MTH 337 Homework #3 due 5pm Thursday, Feb 12

The whole thing to be submitted as a single "odt" or "sxw" document
(or pdf if you have to). Explicitly or implicitly include the
questions in your report, so that the report is self-contained.
 
1. Number searches
Write up the searches you did for
(i) a "Goldbach" ("dollar") number
(ii) a "Carmichael" ("prize") number 
Include descriptions of both the task, the process, and the results,
and include the Maple code used and its output, all formatted
in a clear and compact way.

2. Computer arithmetic
(i) Explain why it is important to have the use of (at least) two kinds
of computational number systems: one that is exact, using integers with
arbitrarily large numbers of digits, and another that is
approximate, using a fixed number of digits.

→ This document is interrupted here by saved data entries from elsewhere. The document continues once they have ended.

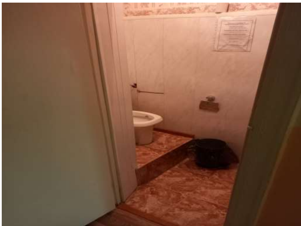
Фото № 5 туалетная комната для посетителей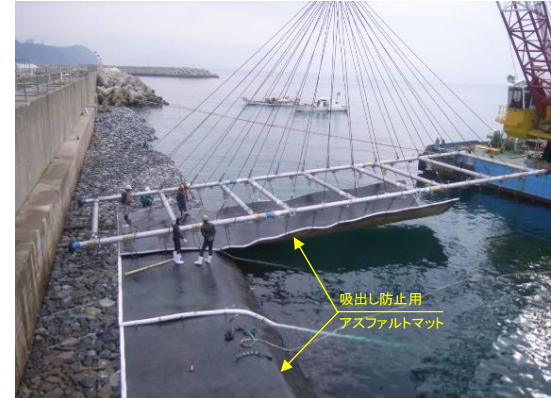
写真-1 アスファルトマット敷設状況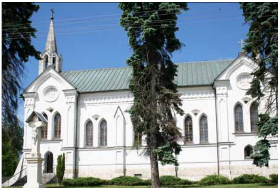
Kościół św. Mikołaja w Staboszowie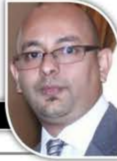
السفير محمد محمد السادة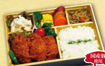
16 国産豚ヒレカツ弁当 国産豚使用 紙箱入り 本体価格 1,500円 (税込 1,620円)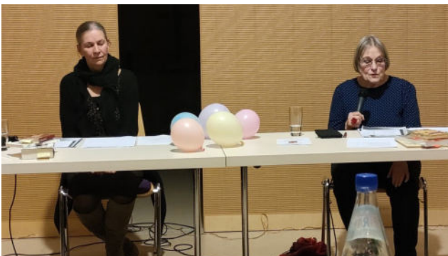
Literatur und Musik bei Wein und Kerzenschein am 26. Januar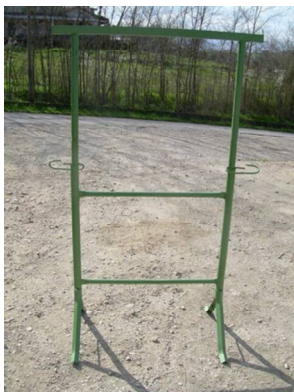
CAVALLETTO DOPPIO Cod. 6 ITA 00 050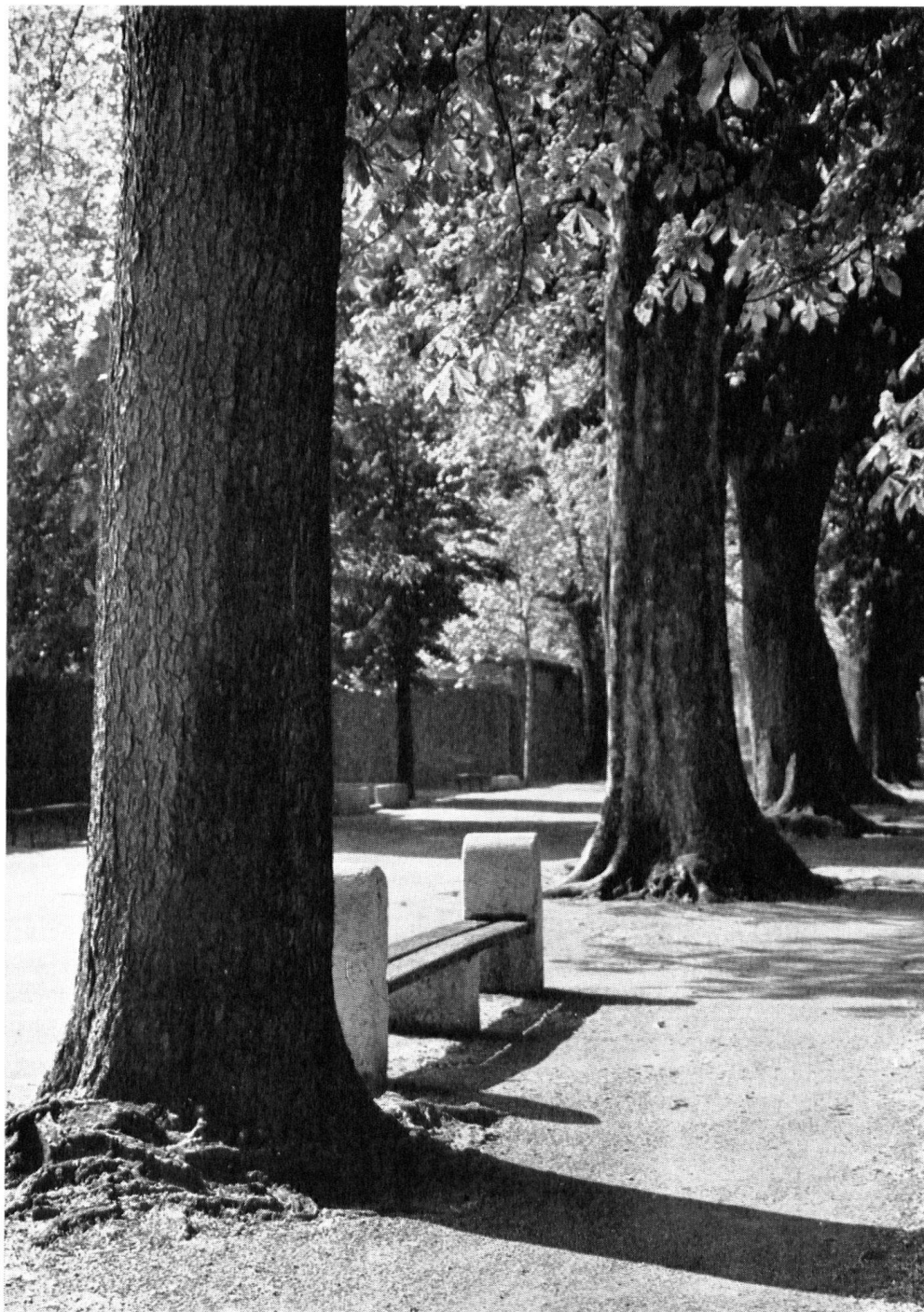
« Les Promenades ». Le long du canal récemment supprimé qui servait d'enceinte à Carouge du côté de l'ouest et du nord, on planta des peupliers en 1784. Ils furent abattus sous l'Empire, lors d'un hiver rigoureux. Les remplacèrent deux rangs de platanes et de marronniers qui, superbes, subsistent.

banque sur la place de la Collégiale de Bellinzzone (encadrée de maisons patriciennes baroques) nous incite à la prudence.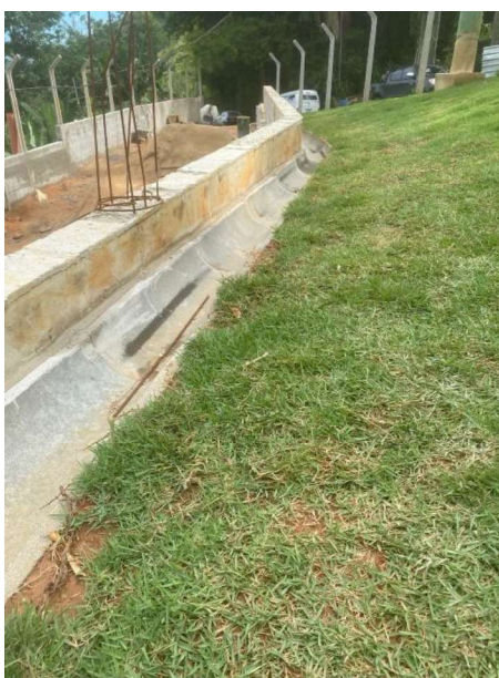
Figura 1 e 2: ITEM 02.07 – CANALETA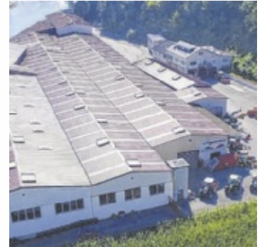
Das Firmenareal von Hydrac liegt an am Steyr-Fluss im Sierninger Ortsteil Neuzug.

Bei Hydrac blickt man positiv in die Zukunft, der Produktionsstandort im Sierninger Ortsteil Neuzug bleibt erhalten. Heuer feiert das Unternehmen sein 60-jähriges Bestehen. ■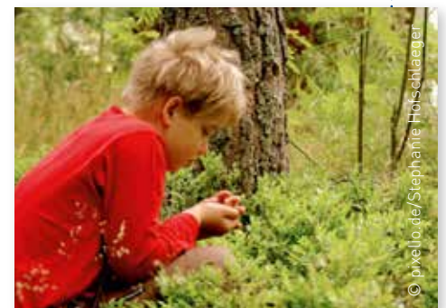
Beim Sammeln sind Regeln zum Schutz der Gesundheit und der Natur zu beachten.

Besonders im Sommer laden auch in freier Natur viele leckere Beeren zum Naschen ein. Man sollte allerdings nur Früchte sammeln, die bekannt sind – wie Walderdbeeren oder wilde Brombeeren – und die auch wirklich reif sind. Beim geringsten Zweifel sollte man die Früchte an den Pflanzen lassen oder Bestimmungsbücher zurate ziehen. Der Verzehr bspw. Roter Vogelbeeren bewirkt Magen- und Darmbeschwerden. Auch der Sammelort ist wichtig: Das Pflücken in Schutzgebieten ist verboten. Generell sollte man behutsam mit den Pflanzen umgehen. Zweige und Ranken dürfen nicht abgebrochen und niedrige Sträucher nicht zertreten werden. Beeren an Straßenrändern können mit schädlichen Stoffen belastet sein. Auch Infektionen sind über Wildfrüchte möglich, doch selten. Die Zahl der an Fuchsbandwurm erkrankten Menschen belief sich 2015 auf deutschlandweit 15 Fälle. Am besten die Früchte vor dem Verzehr waschen!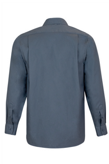
Vista parte traseira da peça (costas)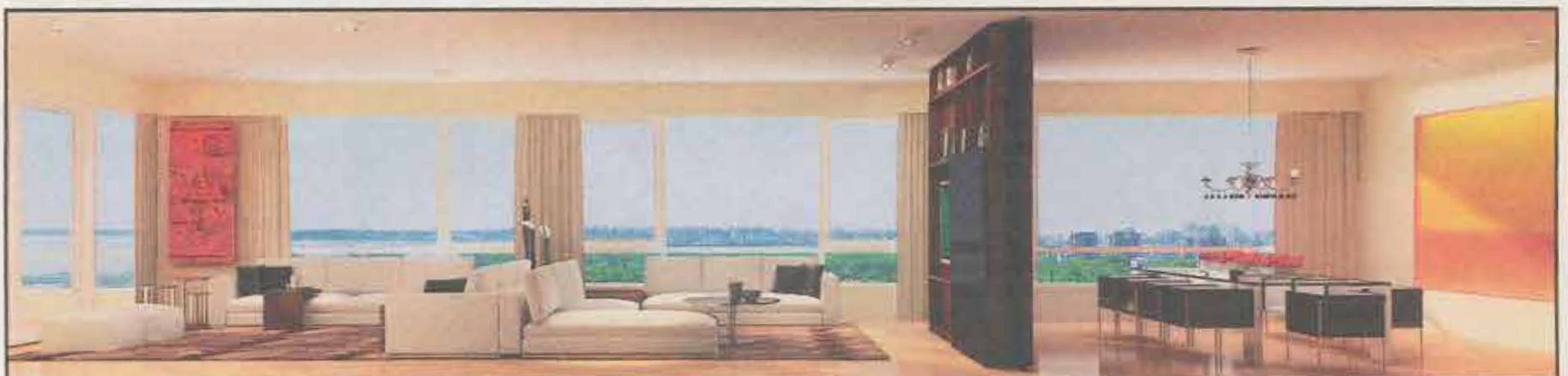
ABIERTO AL MUNDO. Debido al perímetro libre del predio, todos los departamentos tienen visuales al Río de la Plata, bosques de Palermo o al barrio, según la ubicación.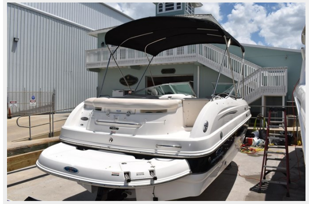
2005-chaparral-216-sunesta-power-9376414- 2005-chaparral-216-sunesta-power-9376414- 20240502175726173-1_XLARGE 20240502175747987-1_XLARGE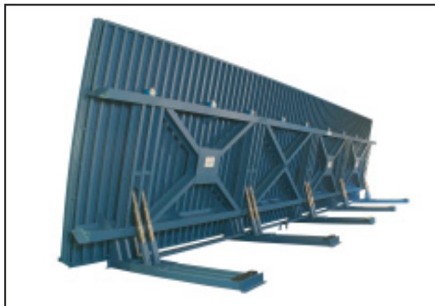
Гидравлический наклонный стол, например, 30 x 5 м (вид сзади)

При максимальной удельной нагрузке на единицу площади до 1000 кН/м 2 и применении высокочастотной вибрационной техники для качественного уплотнения бетона наклонные столы удовлетворяют самым высоким требованиям, предъявляемым к конструкции и динамике.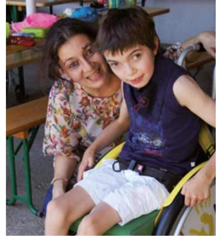
Zeit für Eltern und Kinder auf Gut Hausen.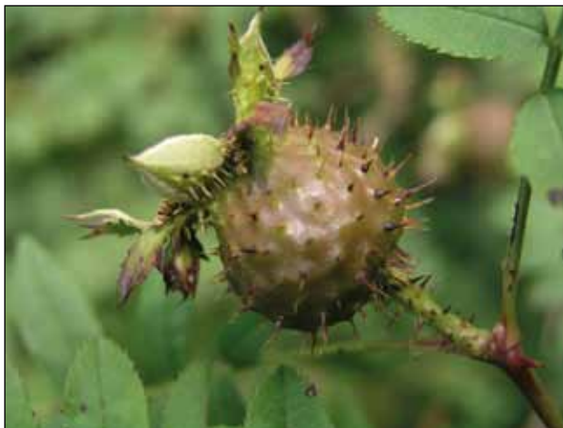
Rosa roxburghii z Číny

1937, bíle světle žlutá 'Frühlingsmorgen', Kordes 1941, růžová a bílá 'Frühlingsschnee', Kordes 1954, bílá 'Máňa Böhmová', Böhm 1925, bílá 'Milevsko', Večeřa, Látová 1980, růžová 'Nevada', Dot 1927, bílá 'Parade', Boerner 1953, tmavě růžová 'Pink Grootendorst', Grootendorst 1923, růžová 'Robin Hood', Pemberton 1927, růžová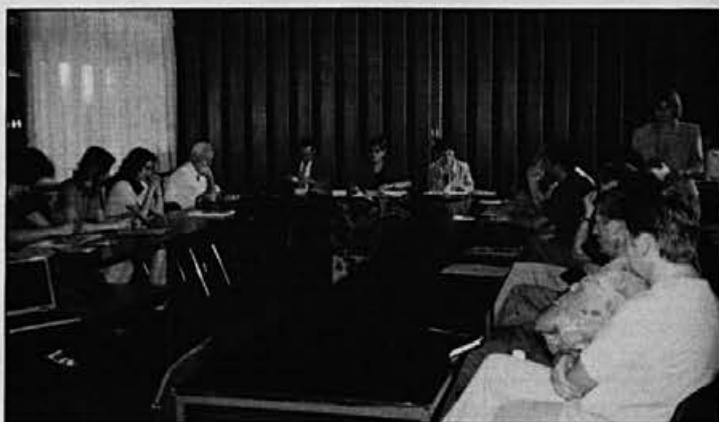
Skupščina je potekala po načrtih in brez zapletov.

Nova pa je pristojnost skupščine, da sprejme sklep o podelitvi razrešnice članom uprave in nadzornega sveta, katerega skupščina sprejme hkrati s sklepom o uporabi bilančnega dobička. Podelitev razrešnice ne pomeni razrešitev članov uprave ali nadzornega sveta s funkcije, kot bi na prvi pogled lahko razumeli, temveč skupščina s tem potrdi in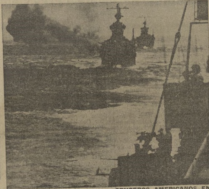
CRUCEROS AMERICANOS EN ACCION CONTRA UNAS POSICIONES JAPONESAS DEL PACIFICO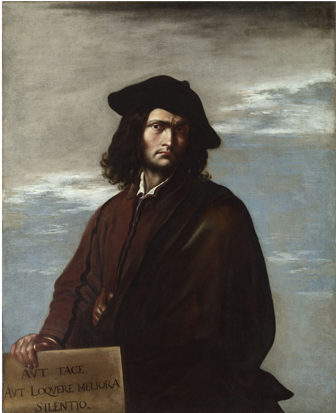
Philosophy, Salvator Rosa (1645) © The National Gallery.

una manciata di neve. La visione storicista induce al nanismo intellettuale come si sente ripetere sempre nella citazione di Bernardo di Chartres (spesso attribuita a Isaac Newton per via di una lettera dove probabilmente ironizzava sull'altezza del suo avversario Robert Hooke): «siamo nani sulle spalle dei giganti». Ma perché?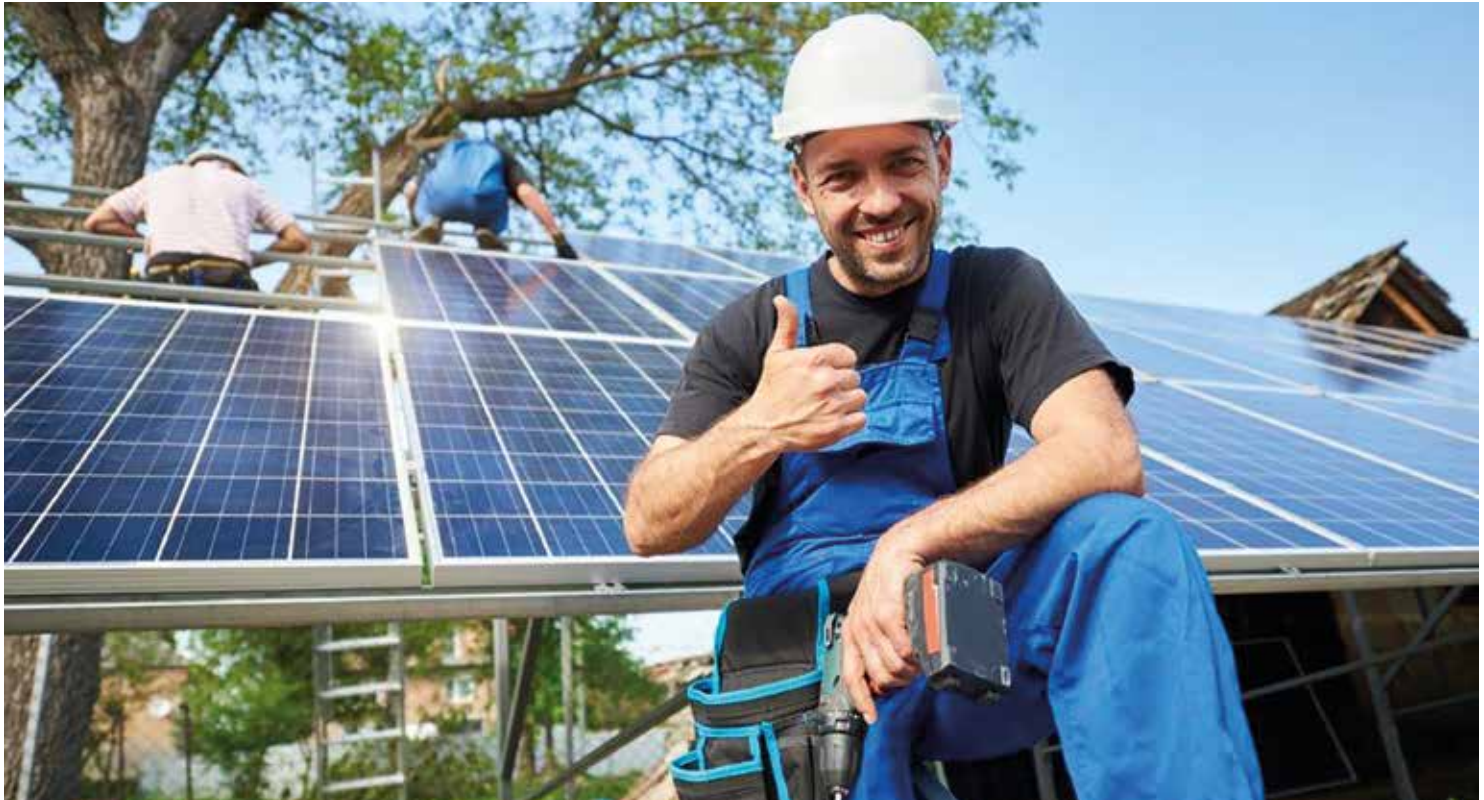
▲ En aquesta primera fase, la iniciativa es destina als habitatges unifamiliars. MOMENT SOLAR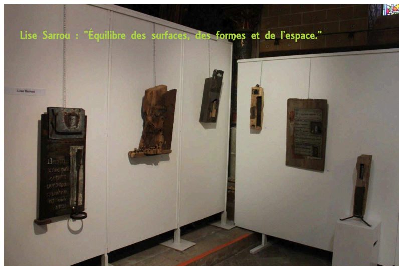
Lise Sarrou : "Équilibre des surfaces, des formes et de l'espace."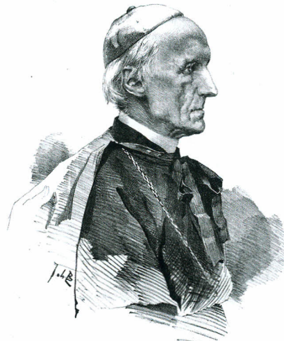
Kardinaal Manning door J.C. Braakensiek, uit: de Amsterdammer , 1890.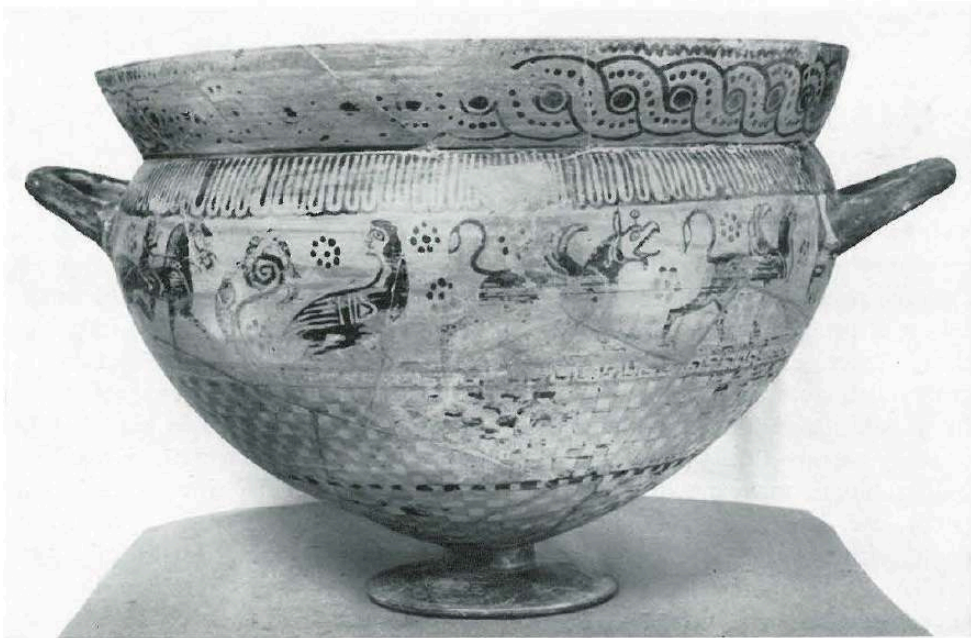
Fig. 7. - Kylix du Peintre des Hirondelles (Production de la cité de Vulci), vers 630-600 av. J.- C. De Vulci. Rome, Villa Giulia, inv. 65455.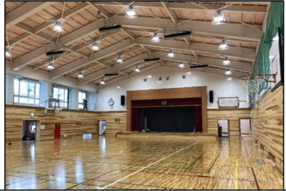
嶺南東特別支援学校(体育館)改修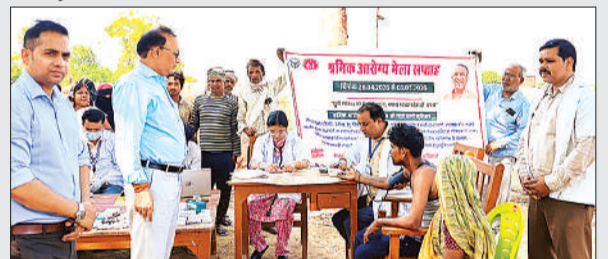
श्रमिक आरोग्य मेले का निरीक्षण करते सीएमओ और अन्य।

(ii) Supose a "floating-point" number system analogous to IEEE 64-bit
uses 32 bits: 1 for sign, 23 bits for the mantissa, and 8 bits for
the biased exponent, and the exponent bias is 127.
Also suppose the highest exponent code is reserved for non-numbers
such as "infinity" (e.g. resulting from doing 1/0) or "undefined" (e.g.
resulting from doing 0/0), and the two codes with all zeros in both mantissa
and exponent are re-purposed to represent "0",
what are, rounded to the nearest power of 2 and also expressed as
in decimal scientific notation,
(a) the largest positive number represented?
(b) the smallest positive number* represented?
(c) the relative spacing of the numbers (machine epsilon)?


*In case you start reading up on this, we will assume for
simplicity that there is no "denormalization".